CODEWITHSUNDEEP
xslt
srinannapa
srinannapa

Reputation: 3207

Sort Using XSLT

I need to sort the below xml by /parentList/employeesList/personalInfo/middleName

using XSLT. I'm unable to generate the format I'm expecting.The one with Middle name "John" should come up in the output xml. Can you someone help me on this.
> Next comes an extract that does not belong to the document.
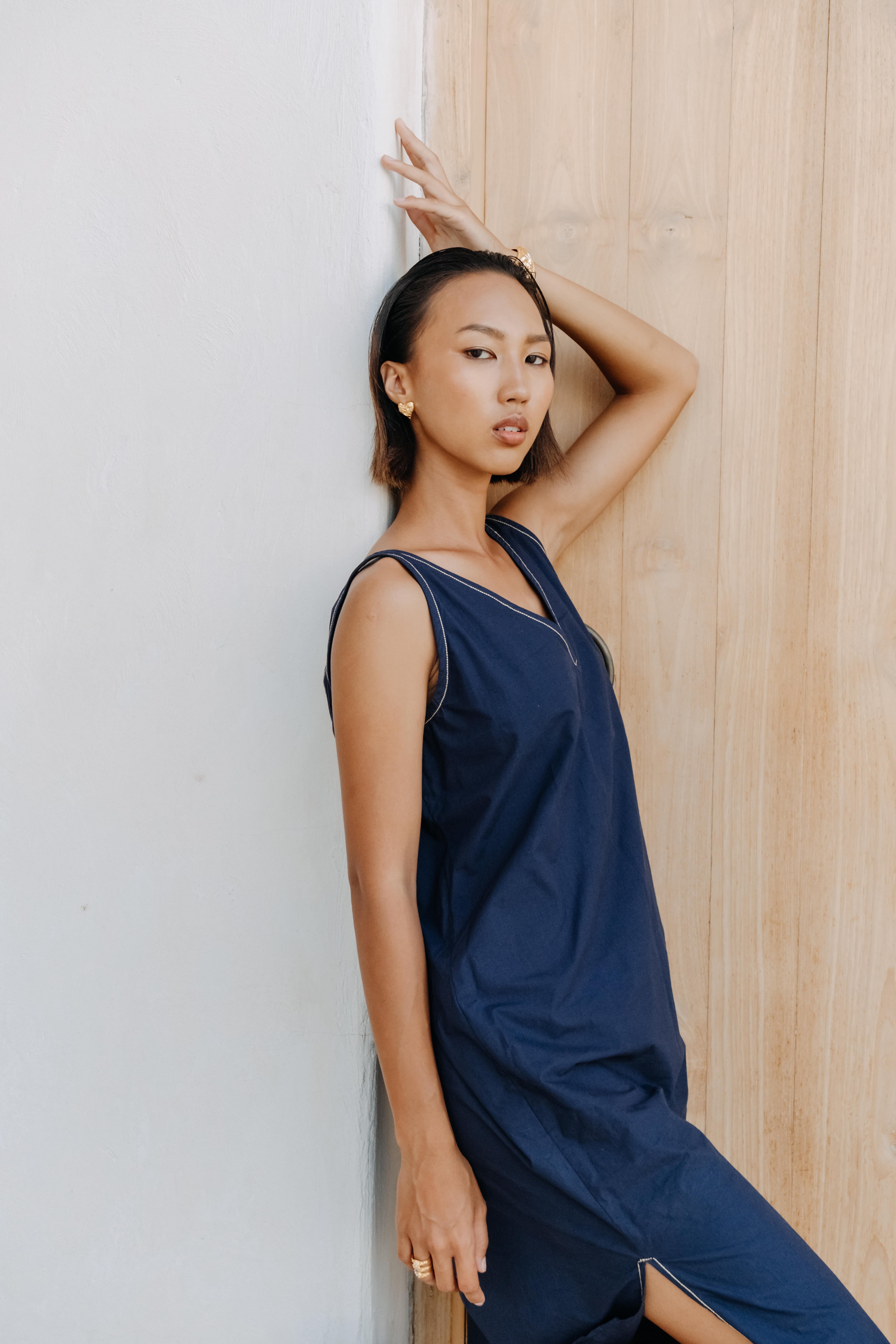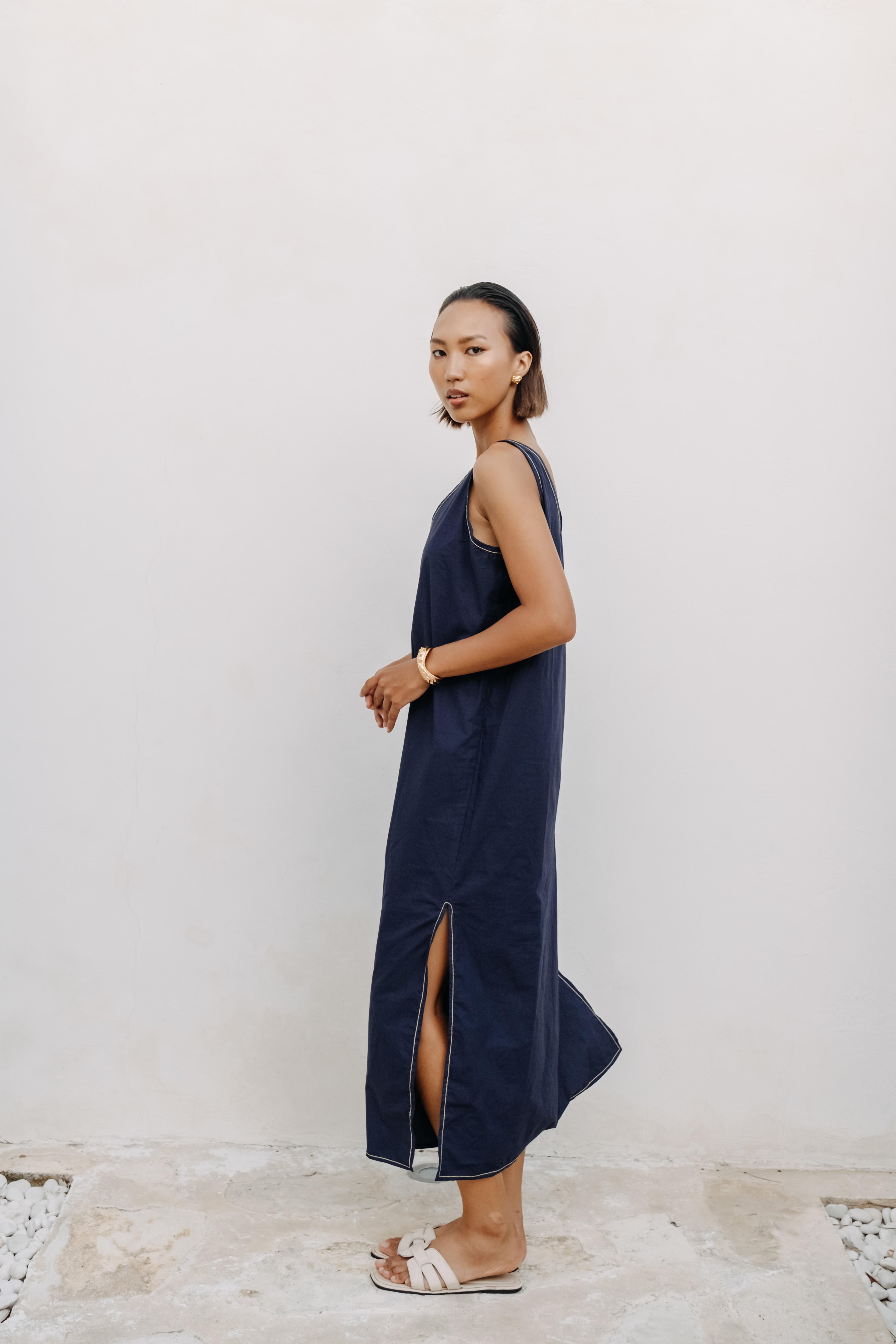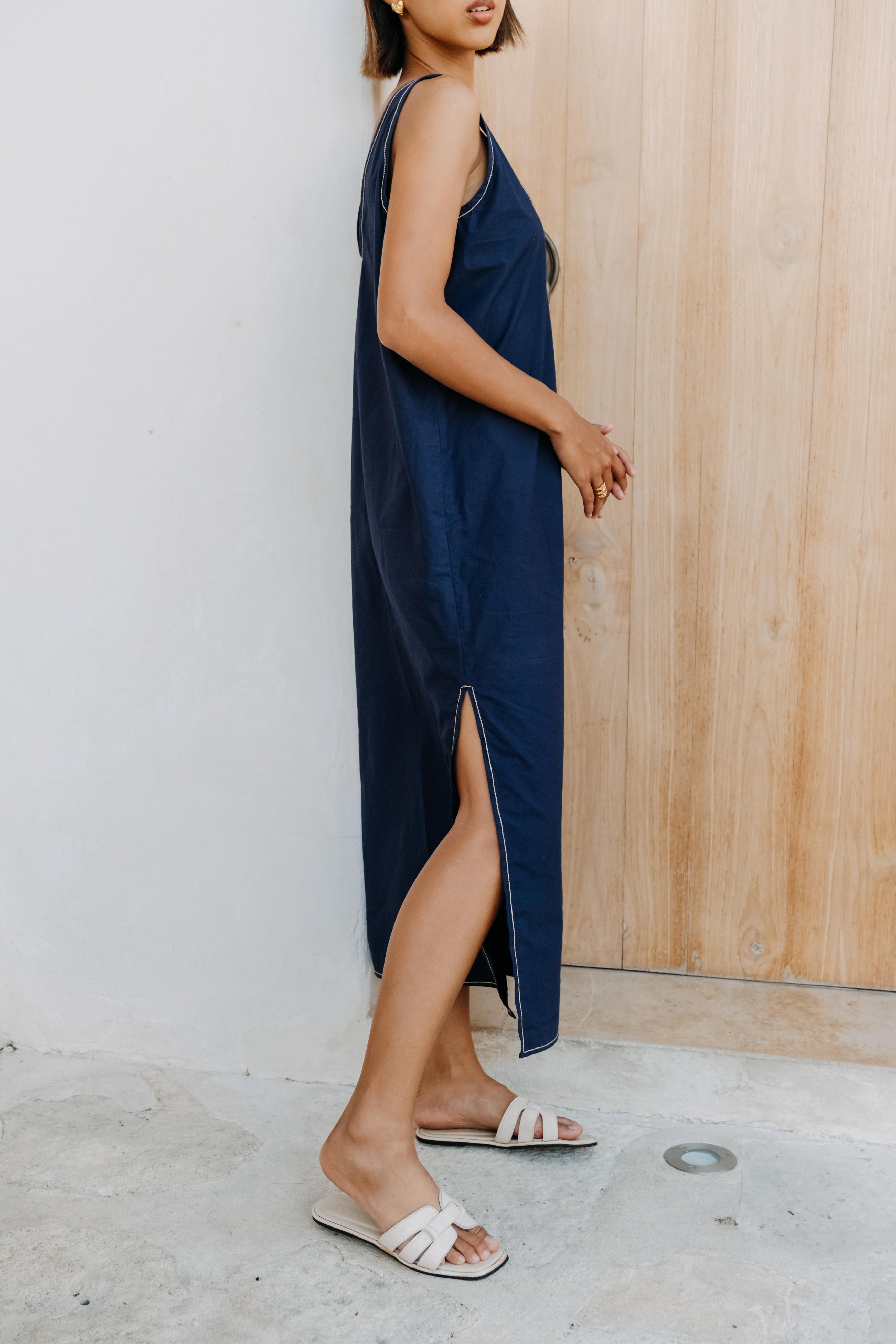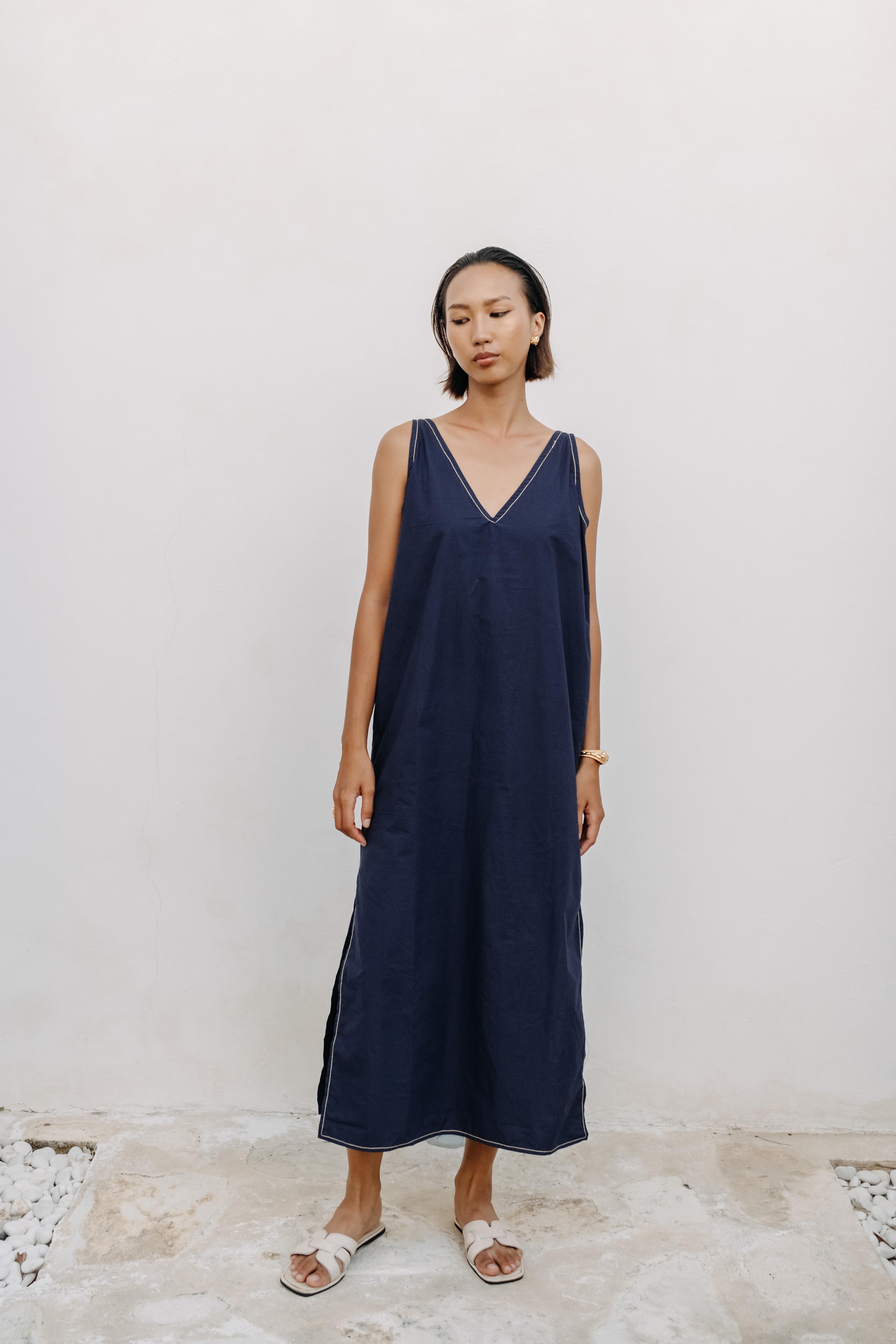 Classic A-line Slip Dress with v-neck and inseam pockets featuring contrast stitching detail on the seam lines of the dress. Relax in the natural charm of Nature's Symmetry - our handmade relaxed dress for your phenomenal everyday. This product will be exclusively handcrafted for you, making the pattern/texture/color slightly vary from the image shown, due to multiple artisan led techniques and processes involved. Color may also slightly vary due to photographic lighting sources. Length: 48"

Below are my XML and XSL's

XML :

<parentList>

    <employeesList>
        <personalInfo>
            <middleName>Mike</middleName>
            <lastName>S</lastName>
        </personalInfo>
        <mailingAddress>
            <postalCode>12345</postalCode>
            <cityName>CoEmployee CityName</cityName>
            <state>PA</state>
            <addressLineText>CoEmployee Full Address</addressLineText>
        </mailingAddress>
    </employeesList>
    <employeesList>
        <personalInfo>
            <middleName>John</middleName>
            <lastName>G</lastName>
        </personalInfo>
        <mailingAddress>
            <postalCode>12345</postalCode>
            <cityName>CoEmployee CityName</cityName>
            <state>PA</state>
            <addressLineText>CoEmployee Full Address</addressLineText>
        </mailingAddress>
    </employeesList>
</parentList>

XSL:

 <xsl:template match="parentList">
    <xsl:copy>
        <xsl:apply-templates>

            <xsl:sort select="/employeesList/personalInfo/middleName" order="ascending"/> 
        </xsl:apply-templates>
    </xsl:copy>
</xsl:template>

Upvotes: 1

Views: 50

Answers (2)

helderdarocha
helderdarocha

Reputation: 23627

The problem is in the XPath expression that you are using in your select attribute. It's an absolute expression (starts with /) but there your root element is not employeesList.

When you match parentList, you apply templates to its children, which provide the context for the sort element. That means that a relative XPath expression in the select attribute of sort should be in the context of employeesList.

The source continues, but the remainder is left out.